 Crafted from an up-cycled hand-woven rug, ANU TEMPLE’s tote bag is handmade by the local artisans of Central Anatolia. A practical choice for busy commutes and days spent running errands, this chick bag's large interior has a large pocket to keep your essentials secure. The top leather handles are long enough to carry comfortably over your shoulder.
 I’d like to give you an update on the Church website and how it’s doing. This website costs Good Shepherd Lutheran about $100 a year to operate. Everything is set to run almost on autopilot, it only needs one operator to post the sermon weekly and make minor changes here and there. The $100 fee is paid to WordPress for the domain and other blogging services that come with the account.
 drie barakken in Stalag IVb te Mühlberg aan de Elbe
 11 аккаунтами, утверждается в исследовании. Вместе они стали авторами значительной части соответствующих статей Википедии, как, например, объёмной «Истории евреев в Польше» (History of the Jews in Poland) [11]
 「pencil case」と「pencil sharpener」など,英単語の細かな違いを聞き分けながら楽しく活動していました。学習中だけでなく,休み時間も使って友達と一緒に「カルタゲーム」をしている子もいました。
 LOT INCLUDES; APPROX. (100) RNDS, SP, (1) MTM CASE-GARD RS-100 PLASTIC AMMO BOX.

* * *

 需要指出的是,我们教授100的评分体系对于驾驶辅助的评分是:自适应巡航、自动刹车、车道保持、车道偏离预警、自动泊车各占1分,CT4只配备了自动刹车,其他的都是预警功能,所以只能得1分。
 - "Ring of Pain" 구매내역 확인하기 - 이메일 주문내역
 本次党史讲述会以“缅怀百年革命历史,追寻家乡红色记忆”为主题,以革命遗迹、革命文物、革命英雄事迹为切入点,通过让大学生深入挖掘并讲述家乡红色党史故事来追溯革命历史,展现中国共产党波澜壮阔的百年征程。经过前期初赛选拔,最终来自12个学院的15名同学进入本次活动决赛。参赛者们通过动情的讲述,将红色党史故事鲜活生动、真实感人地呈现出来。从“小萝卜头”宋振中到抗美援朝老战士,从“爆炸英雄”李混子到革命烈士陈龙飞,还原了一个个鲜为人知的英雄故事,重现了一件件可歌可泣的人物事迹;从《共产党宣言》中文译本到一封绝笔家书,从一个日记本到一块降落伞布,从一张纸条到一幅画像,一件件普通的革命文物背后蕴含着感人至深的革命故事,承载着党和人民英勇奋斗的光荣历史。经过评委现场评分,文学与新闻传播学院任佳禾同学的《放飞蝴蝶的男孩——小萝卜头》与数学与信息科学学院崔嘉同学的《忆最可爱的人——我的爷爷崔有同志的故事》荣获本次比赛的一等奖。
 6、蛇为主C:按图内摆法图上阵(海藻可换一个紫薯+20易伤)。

...

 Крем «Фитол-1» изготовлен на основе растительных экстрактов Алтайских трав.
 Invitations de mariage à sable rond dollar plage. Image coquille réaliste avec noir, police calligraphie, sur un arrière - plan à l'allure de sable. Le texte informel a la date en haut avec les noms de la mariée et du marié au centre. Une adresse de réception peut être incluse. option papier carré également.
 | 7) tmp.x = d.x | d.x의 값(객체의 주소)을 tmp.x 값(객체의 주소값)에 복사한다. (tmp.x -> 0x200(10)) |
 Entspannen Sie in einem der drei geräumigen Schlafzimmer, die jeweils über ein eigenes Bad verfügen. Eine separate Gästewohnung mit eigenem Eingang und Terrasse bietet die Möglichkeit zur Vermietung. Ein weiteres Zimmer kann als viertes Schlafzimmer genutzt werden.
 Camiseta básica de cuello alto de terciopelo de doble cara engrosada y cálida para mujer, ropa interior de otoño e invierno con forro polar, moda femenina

Exercise requirements >> Reproduce word for word the material above, beginning with the line that contains "확인하기 - 이메일 주문내역" and ending with the line that contains "6、蛇为主C:按图内摆法图上阵(海藻可换一个紫薯+20易伤)。".

Solution >>
 - "Ring of Pain" 구매내역 확인하기 - 이메일 주문내역
 本次党史讲述会以“缅怀百年革命历史,追寻家乡红色记忆”为主题,以革命遗迹、革命文物、革命英雄事迹为切入点,通过让大学生深入挖掘并讲述家乡红色党史故事来追溯革命历史,展现中国共产党波澜壮阔的百年征程。经过前期初赛选拔,最终来自12个学院的15名同学进入本次活动决赛。参赛者们通过动情的讲述,将红色党史故事鲜活生动、真实感人地呈现出来。从“小萝卜头”宋振中到抗美援朝老战士,从“爆炸英雄”李混子到革命烈士陈龙飞,还原了一个个鲜为人知的英雄故事,重现了一件件可歌可泣的人物事迹;从《共产党宣言》中文译本到一封绝笔家书,从一个日记本到一块降落伞布,从一张纸条到一幅画像,一件件普通的革命文物背后蕴含着感人至深的革命故事,承载着党和人民英勇奋斗的光荣历史。经过评委现场评分,文学与新闻传播学院任佳禾同学的《放飞蝴蝶的男孩——小萝卜头》与数学与信息科学学院崔嘉同学的《忆最可爱的人——我的爷爷崔有同志的故事》荣获本次比赛的一等奖。
 6、蛇为主C:按图内摆法图上阵(海藻可换一个紫薯+20易伤)。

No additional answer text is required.